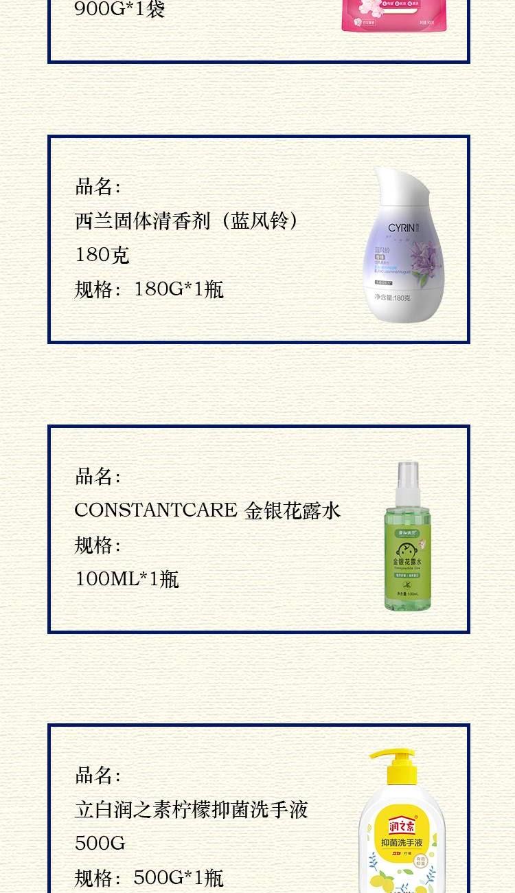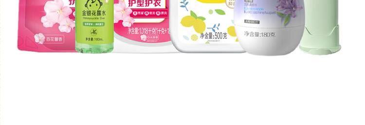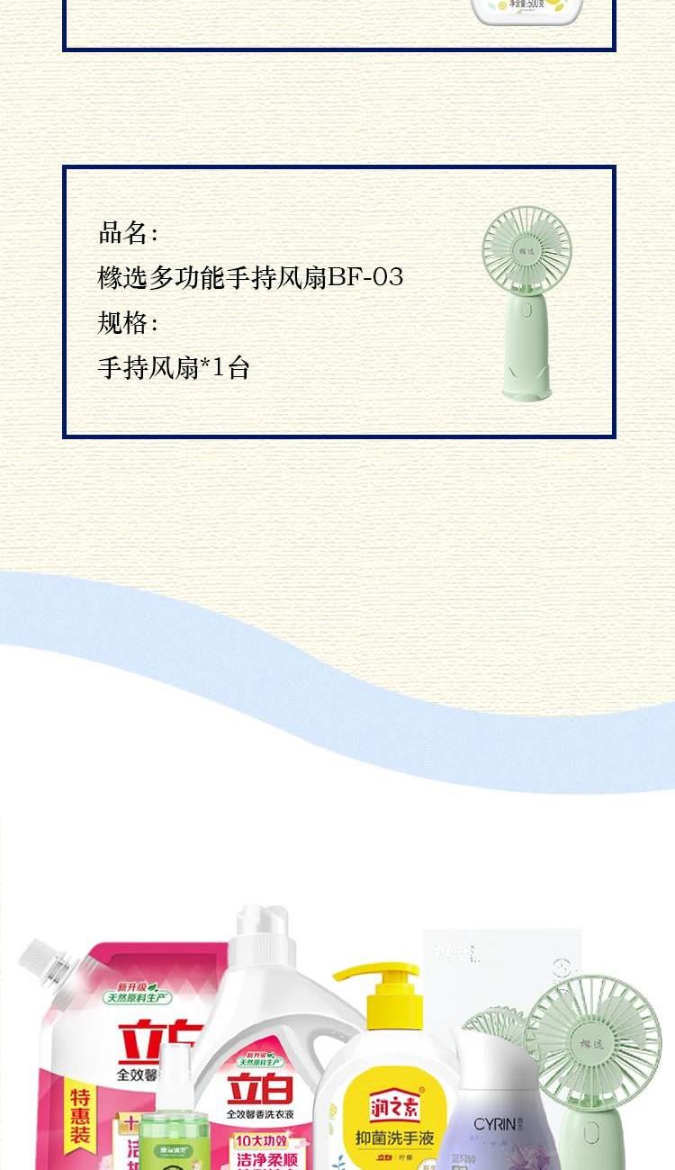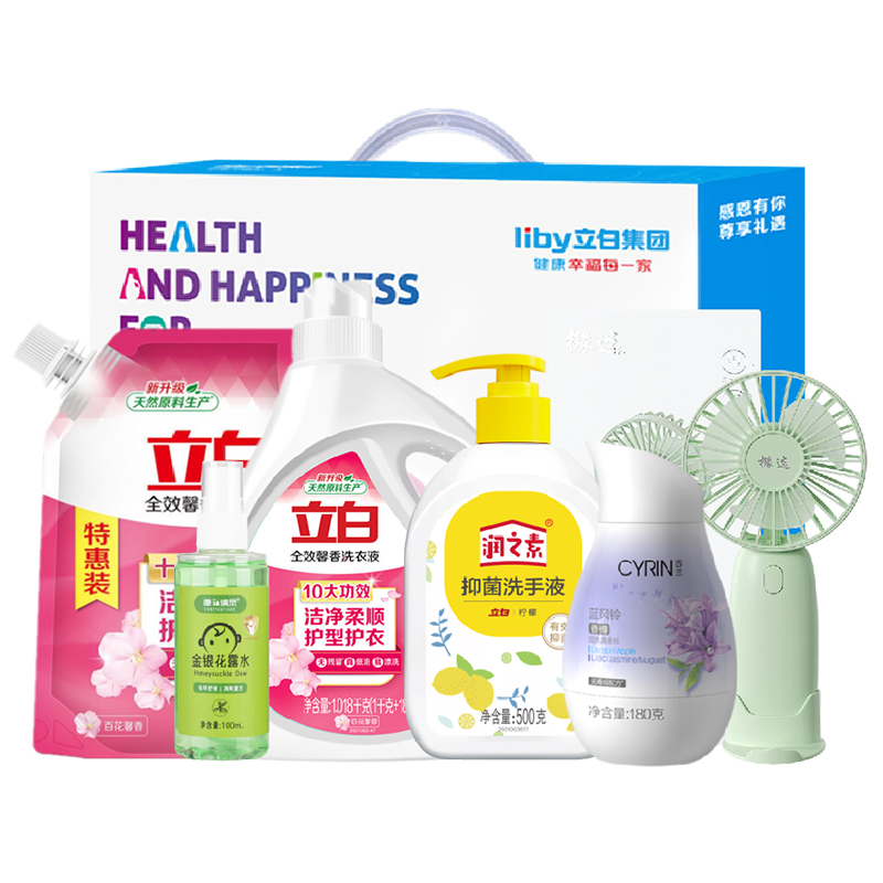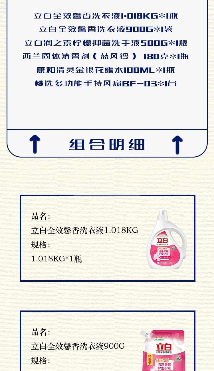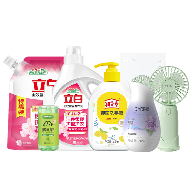 配置: 立白全效馨香洗衣液1.018kg*1瓶 立白全效馨香洗衣液900g*1袋 立白润之素柠檬抑 菌洗手液500g*1瓶 西兰固体清香剂(蓝风铃) 180克*1瓶 康和清灵金银花露水100mL*1瓶 橼选多功能手持风扇BF-03*1台 核心卖点: 立白全效馨香洗衣液凭借其出色的洁净效果、护衣功能、持久留香的特点,成为了众多家庭洗衣的首 选。 夏天清凉组合套装的不二之选。
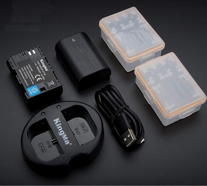 THÔNG SỐ KỸ THUẬT PIN: Hãng sản xuất: Kingma Mã sản phẩm: LP-E6 Dòng pin: Li-ion Volts: 7.4V Dung lượng: 1960mAh 14.5Wh Kích thước: 45 x 31.8 x 18.5mm Tương thích: Máy ảnh Canon EOS 5D Mark IV / 5D Mark III / 5DS / 5DS R / 5D Mark II / 6D Mark II / 7D Mark II / 7D / 80D / 70D / 60D / 60Da THÔNG SỐ KỸ THUẬT SẠC: Hãng sản xuất: Kingma Mã sản phẩm: BM015-LPE6 Kích thước: 80 x 64 x 24.5mm Input: 5V 2A Output: 8.4V 600mA (X2) Trọng lượng: 83g Combo bao gồm: 1 sạc, 1 dây cáp và 2 pin LP-E6
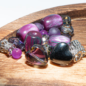 Bring out your passion for purple with this alluring bead mix. Each mix features four stunning resin immitation stone beads, perfect for adding the stunning sparkle of gemstones without adding the weight! Making them perfect for earrings or lightweight jewelry. These focal beads are accompanied by faceted glass, glass hearts, AB finished glass barrels, frosted glass rounds, silver metal spacers, and silver metal beads. Largest piece in mix measures 14mm x 12mm.
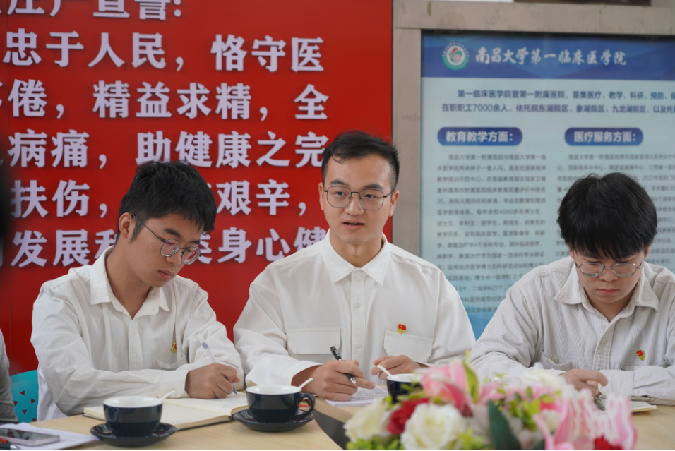 6月4日上午,“书记有约·共上一堂思政课堂(第一期)”活动在第一临床医学院举行。南大一附院党委书记廖岚以“青春 奋斗 为中国式现代化挺膺担当”为主题同一临院的10余名预备党员、入党积极分子进行深入交流,上了一堂精彩、生动的思政课。医院党委宣传部负责人,第一临床医学院学生党总支书记、各年级辅导员参加活动。
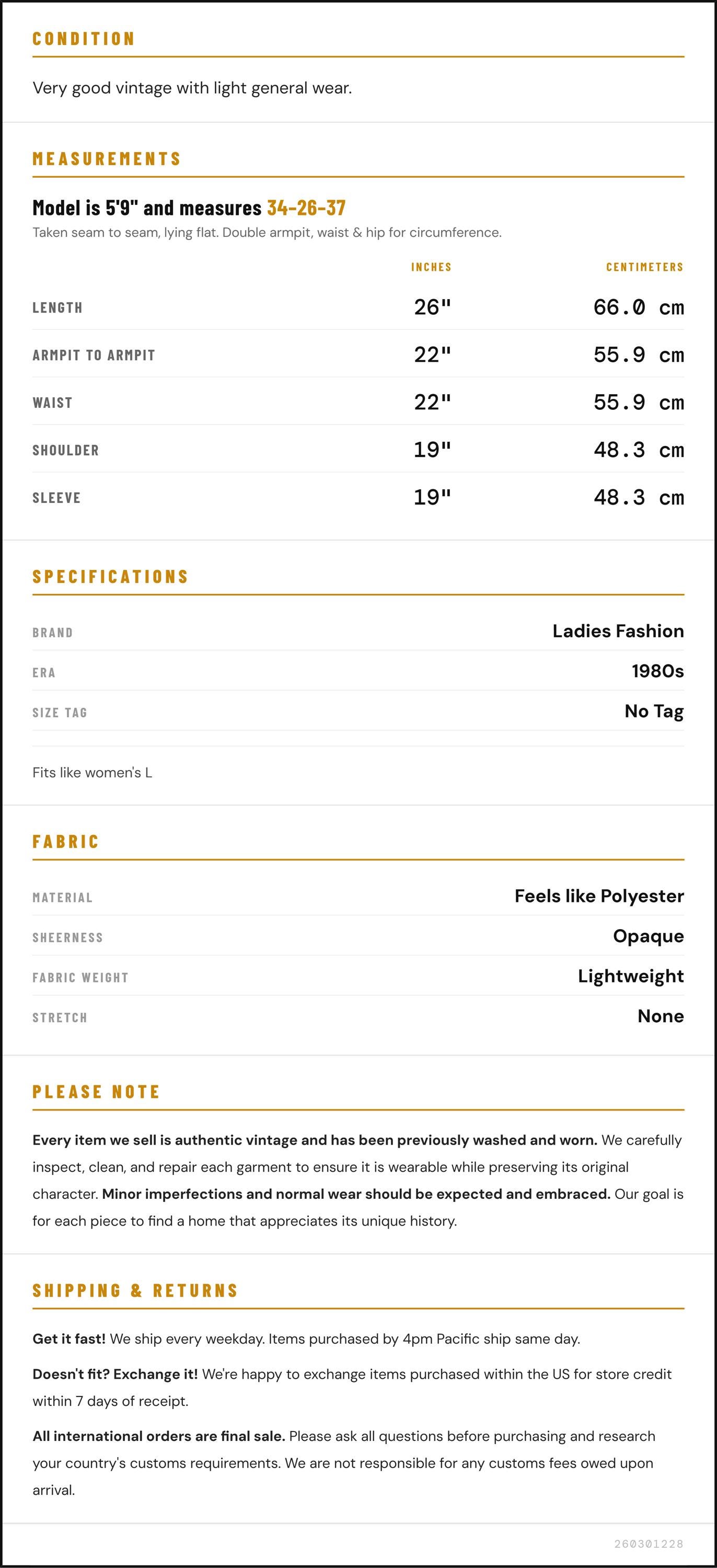 ✨ Please see measurements and condition below. Every garment we sell is authentic vintage and one-of-a-kind! You will receive the exact item photographed.
···
◆ Task to carry out
With the pictures excluded, the line containing "Bring out your" and every line after it through the end of the data above are to be transcribed exactly, and nothing more.

◆ Solution to this exercise
 Bring out your passion for purple with this alluring bead mix. Each mix features four stunning resin immitation stone beads, perfect for adding the stunning sparkle of gemstones without adding the weight! Making them perfect for earrings or lightweight jewelry. These focal beads are accompanied by faceted glass, glass hearts, AB finished glass barrels, frosted glass rounds, silver metal spacers, and silver metal beads. Largest piece in mix measures 14mm x 12mm.
 6月4日上午,“书记有约·共上一堂思政课堂(第一期)”活动在第一临床医学院举行。南大一附院党委书记廖岚以“青春 奋斗 为中国式现代化挺膺担当”为主题同一临院的10余名预备党员、入党积极分子进行深入交流,上了一堂精彩、生动的思政课。医院党委宣传部负责人,第一临床医学院学生党总支书记、各年级辅导员参加活动。
 ✨ Please see measurements and condition below. Every garment we sell is authentic vintage and one-of-a-kind! You will receive the exact item photographed.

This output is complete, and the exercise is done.